● **Task**
When the listing below reaches the line that has "14k Van Dell", start reproducing exactly; stop after the line that has "Wholesale 14K Yellow", and drop the pictures.

=-=-=-=-=

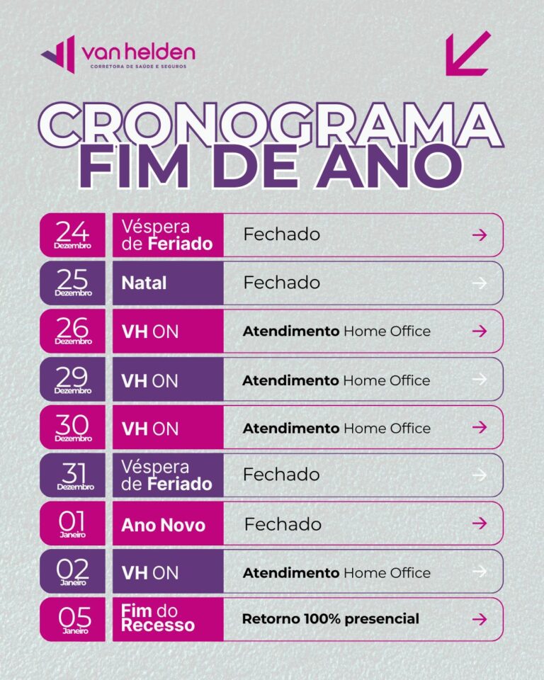 Prezado corretor, a Van Helden Corretora de Saúde e Seguros tem o prazer de compartilhar seu cronograma de atendimento para o fim de ano. Nos dias 24 e 25 de dezembro, estaremos fechados, celebrando o Natal. Entre os dias 26 e 30 de dezembro, nosso atendimento será realizado de forma Home Office, garantindo que você continue a contar com nosso suporte. Nos dias 31 de dezembro e 1 de janeiro, também estaremos fechados, reabrindo no dia 2 de janeiro em regime Home Office. A partir do dia 5 de janeiro, retornaremos ao atendimento 100% presencial. Agradecemos pela parceria e estamos sempre aqui para ajudá-lo!
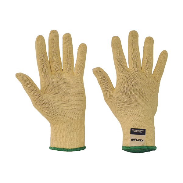 Pletené bezešvé kevlarové rukavice ze středně silného trikotu.
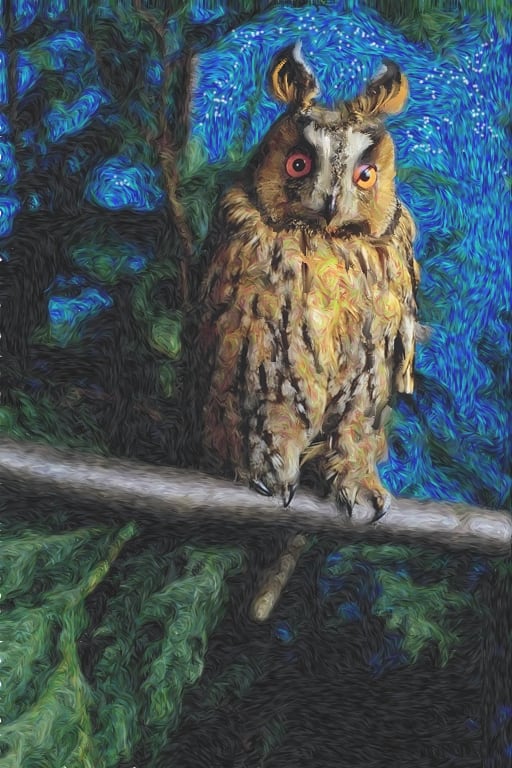 Night Owl was created with the Artists brushes, including the Auto Van Gogh brush variant and effect, as well as the Sargent Brush and the Seurat brush variants.
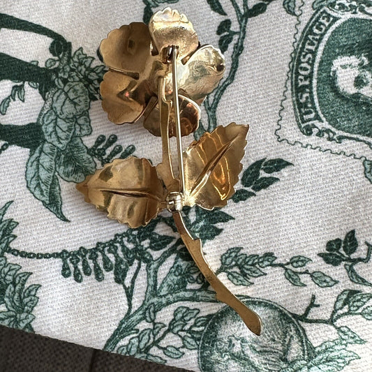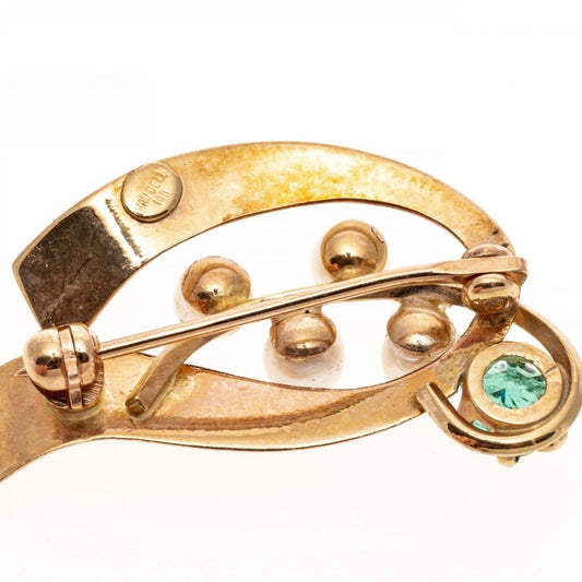 14k Van Dell yellow gold vintage pearl and emerald brooch
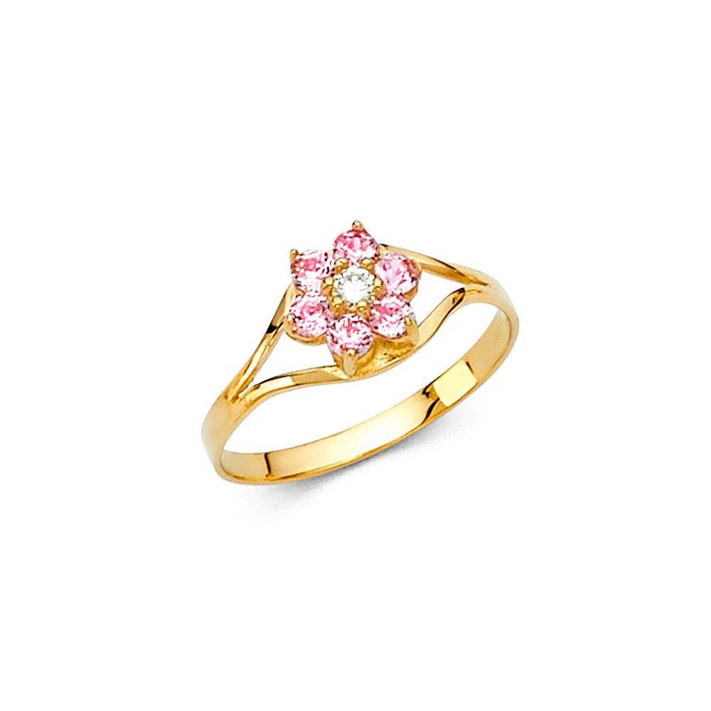 Wholesale 14K Yellow Gold Pink CZ OCT Birth Stone Babies Ring
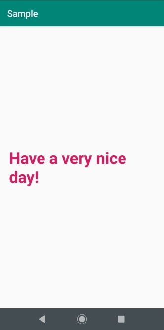 <?xml version="1.0" encoding="utf-8"?> <LinearLayout xmlns:android="http://schemas.android.com/apk/res/android" xmlns:tools="http://schemas.android.com/tools" android:layout_width="match_parent" android:layout_height="match_parent" tools:context=".MainActivity"> <TextView android:layout_width="match_parent" android:layout_height="wrap_content" android:text="Have a very nice day!" android:textSize="35dp" android:textStyle="bold" android:textColor="@color/colorAccent" android:layout_centerInParent="true" android:padding="20sp" android:layout_gravity="center_vertical" /> </LinearLayout>
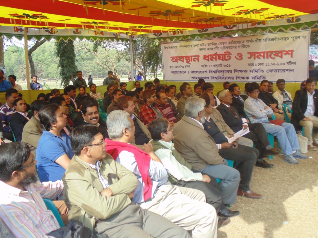 বৃহস্পতিবার সকাল ১১ টা থেকে দুপুর ১টা পর্যন্ত বিশ্ববিদ্যালয়ের চেতনা-৭১ প্রাঙ্গণে এ অবস্থান কর্মসূচি ও সমাবেশ করেন শিক্ষকরা। বাংলাদেশ বিশ্ববিদ্যালয় শিক্ষক সমিতি ফেডারেশনের কেন্দ্রীয় কর্মসূচির অংশ হিসেবে শাহজালাল বিশ্ববিদ্যালয় শিক্ষক সমিতি এ অবস্থান ধর্মঘট ও সমাবেশের আয়োজন করে।
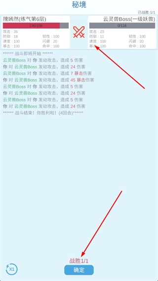 在秘境里会碰到BOSS,展开战斗,获胜后点击确定就能继续探索啦。
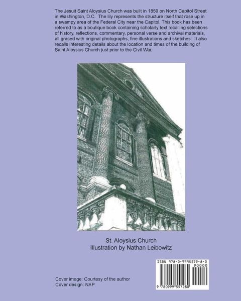 The Jesuit Saint Aloysius Church was built in 1859 on North Capitol Street in Washington, D.C. The lily represents the structure itself that rose up in a swampy area of the Federal City near the Capitol. This book has been referred to as a boutique book containing scholarly text recalling selections of history, reflections, commentary, personal verse and archival materials, all graced with original photographs, fine illustrations and sketches. It also recalls interesting details about the location and times of the building of Saint Aloysius Church just prior to the Civil War. As a key player in the planning and working committees of renovation of the Church, the author feels it necessary to continue the care and preservation of St. Aloysius in the future because of the cultural value it brings to the City, the Nation and the World. The book underlines the importance of the structure’s architect, Benedict Sestini, S.J., and Costantino Brumidi, the "Michelangelo" of the U.S. Captiol, who donated his fine oils on canvas to grace the interior. Their combined creativity and artistry made Saint Aloysius Church a landmark of great value in Washington. The Swampoodle Lily is planted and thrives on the campus of Gonzaga College High School.
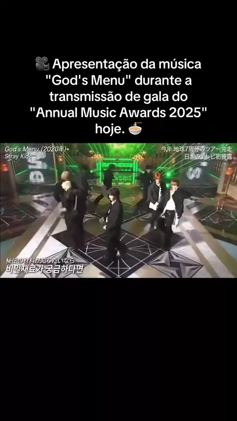 29/12/25 🎥 | "Prêmios Anuais de Música 2025"🏆⚡️ Apresentação @Stray_Kids da música "God's Menu" durante a transmissão de gala do "Annual Music Awards 2025" hoje. 🍜 #StrayKids #スキズ #스트레이키즈 #AMA #skz
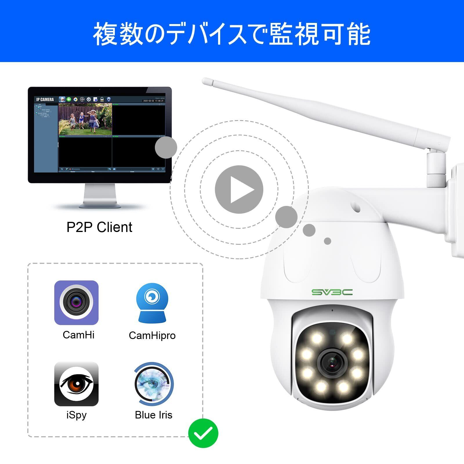 SV3C 防犯カメラ 屋外 ワイヤレス 500万画素 2.4/5G対応 パンチルト ptzカメラ 夜間カラー撮影 自動追跡 動体検知 人体検知 スマホ通知 双方向音声 パソコン対応 ios android windows対応
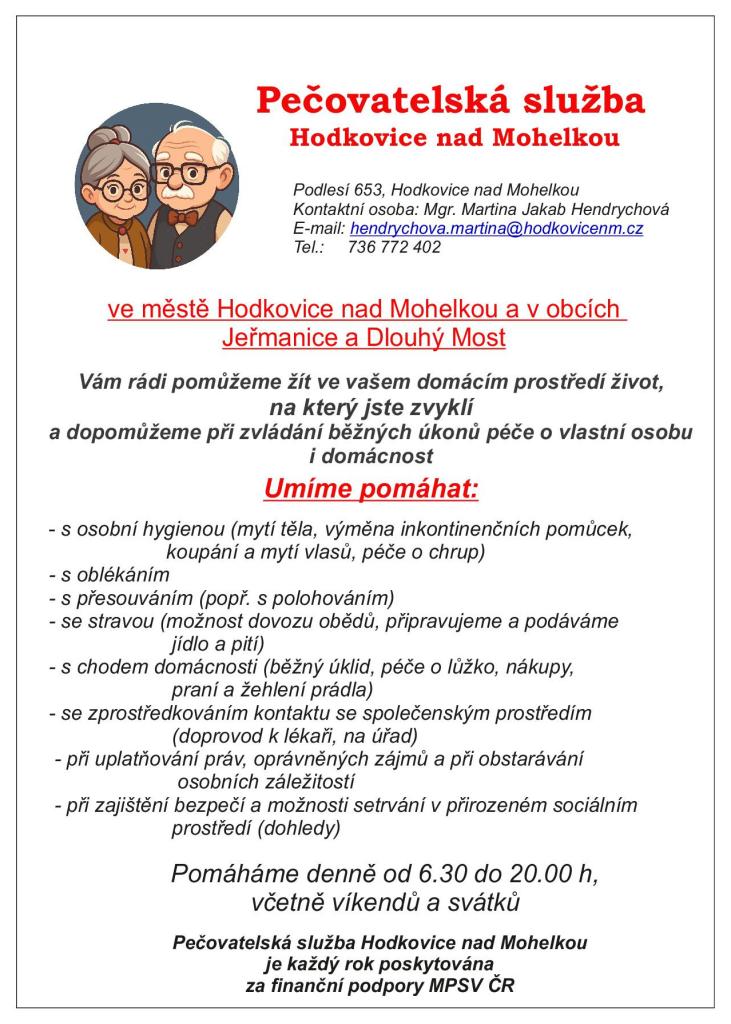 Podařilo se nám upravit územní působnost poskytování sociálních služeb (v současnosti především terénní péče) tak, aby území obce Jeřmanice spadalo i do působnosti města Hodkovice nad Mohelkou. Více informací v přiloženém letáku.
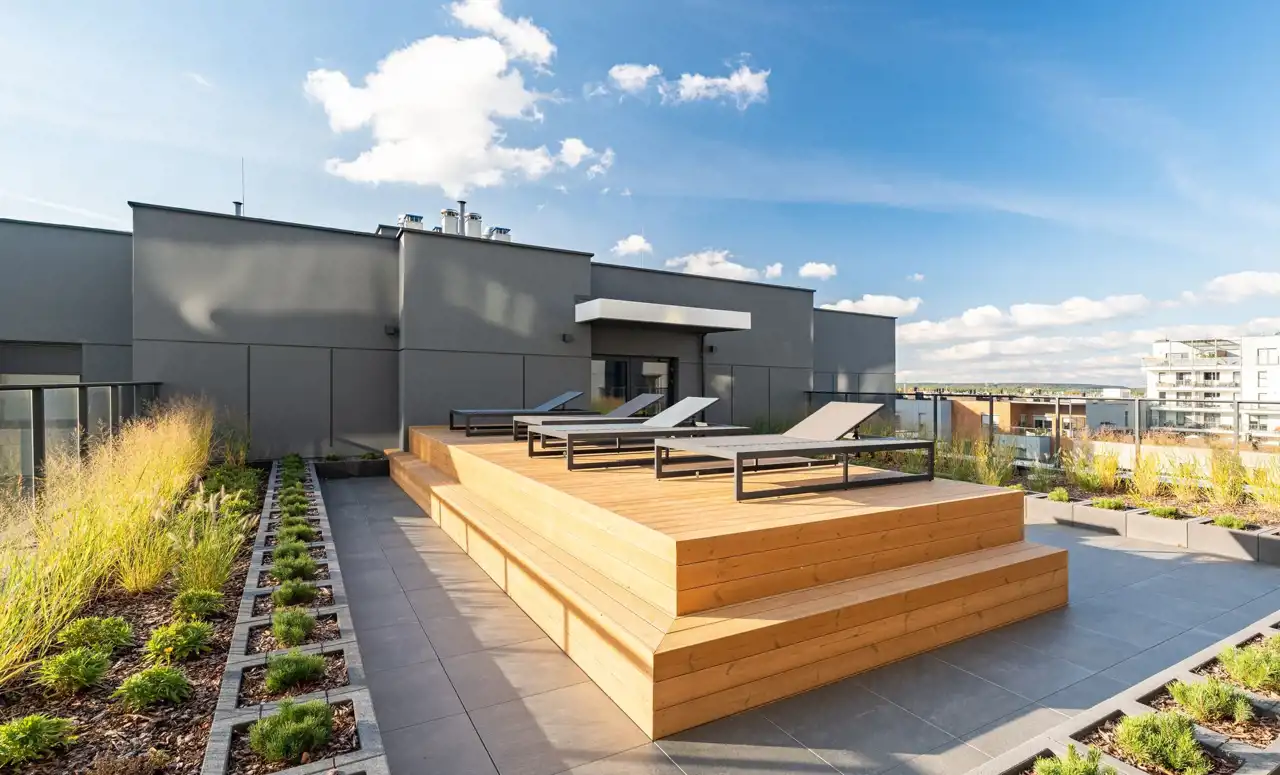 • zielony taras na dachu z leżakami
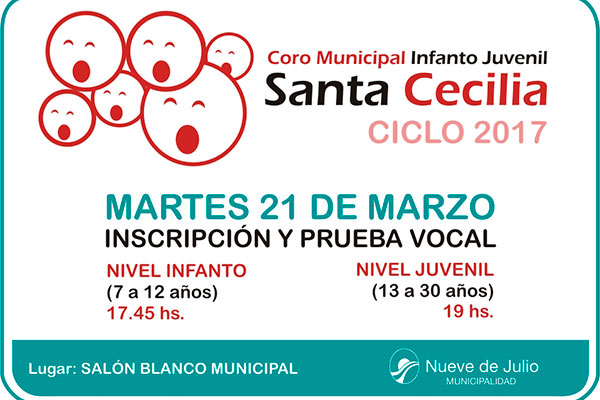 En dicha fecha se realizará la inscripción y una prueba vocal no eliminatoria, a fin de realizar un diagnóstico inicial del ingresante.
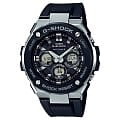 Спортивные ударопрочные наручные кварцевые мужские часы на солнечной батарее. Цифровой циферблат темного цвета. Корпус часов выполнен из нержавеющей стали и пластика черного цвета. Минеральное стекло устойчиво к царапинам. Часы надежно удерживаются на руке ремешком из высокопрочного полимерного пластика черного цвета. Водонепроницаемость 200М. Из дополнительных функций в часах присутствует: вечный календарь, секундомер, таймер обратного отсчета, второй часовой пояс, будильник (количество установок: 5), ежечасный сигнал, функция включения/отключения звука кнопок, автоподсветка, прием радиосигнала.

=-=-=-=-=

● **Answer to the exercise**
 14k Van Dell yellow gold vintage pearl and emerald brooch
 Wholesale 14K Yellow Gold Pink CZ OCT Birth Stone Babies Ring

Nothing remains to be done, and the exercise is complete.